State Security Files Suit Against Another Member of 'La Hora de Cuba'

This time Inalkis Rodríguez Lora was cited for an alleged accusation leveled by the Office of the Historian of Camagüey for 'damaging public facilities' adornments

Camagüey

Inalkis Rodríguez Lora, the assistant editor of the independent journalism project La Hora de Cuba, was stopped on Thursday by State Security in the city of Camagüey, according to the agents who interrogated her, for her to respond to an accusation of "damaging public facilities".

"According to what I have been told, there is an accusation, made by the Office of the Historian, that I painted the facade of Iris María Mariño's house", Rodríguez Lora told the DIARIO DE CUBA.

Mariño, an actress and also a member of the Hora de Cubateam, decided, together with her husband, theater director Mario Junquera, to turn some insulting graffiti left by repressive agents on the walls of her home into a work of art.

Rodríguez Lora made his contribution, as he made public on his Facebook profile, with a quote from José Martí: "A man who does not dare to say what he thinks is not an honest man".

"I don't know who painted the other graffiti, what we do know is who painted the offensive posters accusing Mario: we know they were MININT agents," said Rodríguez Lora, who is also the wife of journalist Henry Constantín, with whom she has a young daughter.

During the interrogation "they told me that the Office of the Historian made the accusation because it invests a lot in the facades, which are falling down, and I was damaging a public facility".

"They barred from me leaving the country, and even the city. I have to ask for permission, and they will decide whether I can leave or not," she complained.

"The conclusion we drew is that this is all due to an invitation from the Cuban Human Rights Observatory for me to travel to Spain, to participate in an event there, and they want to prohibit me from traveling," she said.

"I am under investigation. I refused to sign anything, and they threatened to keep me there with the girl. They also threatened Henry's father with a search of the house," she concluded.
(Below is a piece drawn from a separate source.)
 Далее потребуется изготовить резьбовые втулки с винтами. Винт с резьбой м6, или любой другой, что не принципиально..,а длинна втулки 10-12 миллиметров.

State Security subjects the staff of La Hora de Cuba to constant surveillance, and harasses them.

The regime, which controls all legal means of communication in Cuba, continues to badger the independent press, invoking Article 53 of the Constitution, which prohibits the existence of private media.
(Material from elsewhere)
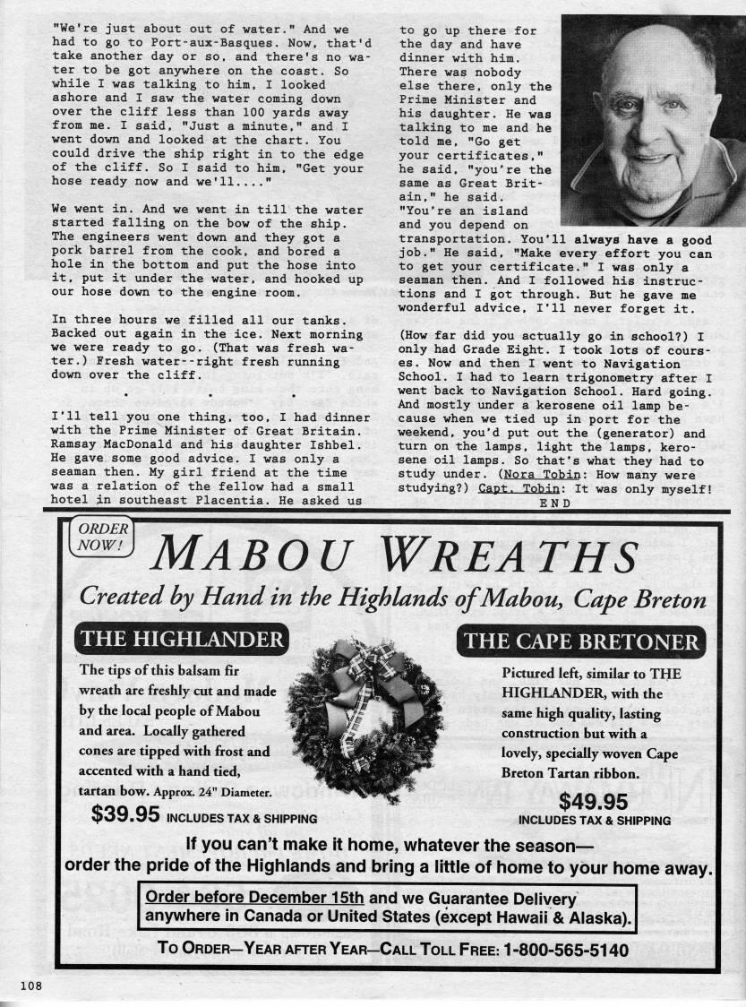 We're just about out of water. And we had to go to Port-aux-Basques. Now, that'd take another day or so, and there's no wa? ter to be got anywhere on the coast. So while I was talking to him, I looked ashore and I saw the water coming down over the cliff less than 100 yards away from me. I said, "Just a minute," and I went down and looked at the chart. You could drive the ship right in to the edge of the cliff. So I said to him, "Get your hose ready now and we'll...." We went in. And we went in till the water started falling on the bow of the ship. The engineers went down and they got a pork barrel from the cook, and bored a hole in the bottom and put the hose into it, put it under the water, and hooked up our hose down to the engine room. In three hours we filled all our tanks. Backed out again in the ice. Next morning we were ready to go. (That was fresh wa? ter.) Fresh water--right fresh running down over the cliff. I'll tell you one thing, too, I had dinner with the Prime Minister of Great Britain. Ramsay MacDonald and his daughter Ishbel. He gave some good advice. I was only a seaman then. My girl friend at the time was a relation of the fellow had a small hotel in southeast Placentia. He asked us to go up there for the day and have dinner with him. There was nobody else there, only the Prime Minister and his daughter. He was talking to me and he told me, "Go get your certificates," he said, "you're the same as Great Brit? ain," he said. "You're an island and you depend on transportation. You'll always have a good job." He said, "Make every effort you can to get your certificate." I was only a seaman then. And I followed his instruc? tions and I got through. But he gave me wonderful advice, I'll never forget it. (How far did you actually go in school?) I only had Grade Eight. I took lots of cours? es. Now and then I went to Navigation School. I had to learn trigonometry after I went back to Navigation School. Hard going. And mostly under a kerosene oil lamp be? cause when we tied up in port for the weekend, you'd put out the (generator) and turn on the lamps, light the lamps, kero? sene oil lamps. So that's what they had to study under. (Nora Tobin: How many were studying?) Capt. Tobin: It was only myself! END ORDER NOW! Mabou Wreaths Created by Hand in the Highlands ofMahoUy Cape Breton THE HIGHLANDER THE CAPE BRETONER The tips of this balsam fir wreath are freshly cut and made by the local people of Mabou and area. Locally gathered cones are tipped with frost and accented with a hand tied, tartan bow. Approx. 24" Diameter. $39.95 INCLUDES TAX & SHIPPING If you can't make it home, whatever the season • order the pride of the Highlands and bring a little of home to your home away. Pictured left, similar to THE HIGHLANDER, with the same high quality, lasting construction but with a lovely, specially woven Cape Breton Tartan ribbon. $49.95 INCLUDES TAX & SHIPPING Order before December 15th and we Guarantee Delivery anywhere in Canada or United States (except Hawaii & Alaska). To Order • Year after Year • Call Toll Free: 1-800-565-5140

The Criminal Code itself includes provisions that allow the exercise of freedom of the press to be prosecuted as a crime against the security of the State. The regime has also created laws, such as No. 88, known as the Gag Law, with sections aimed at repressing independent journalism.

Under this legal justification, the 75 dissidents sent to prison in the spring of 2003 included 27 independent journalists.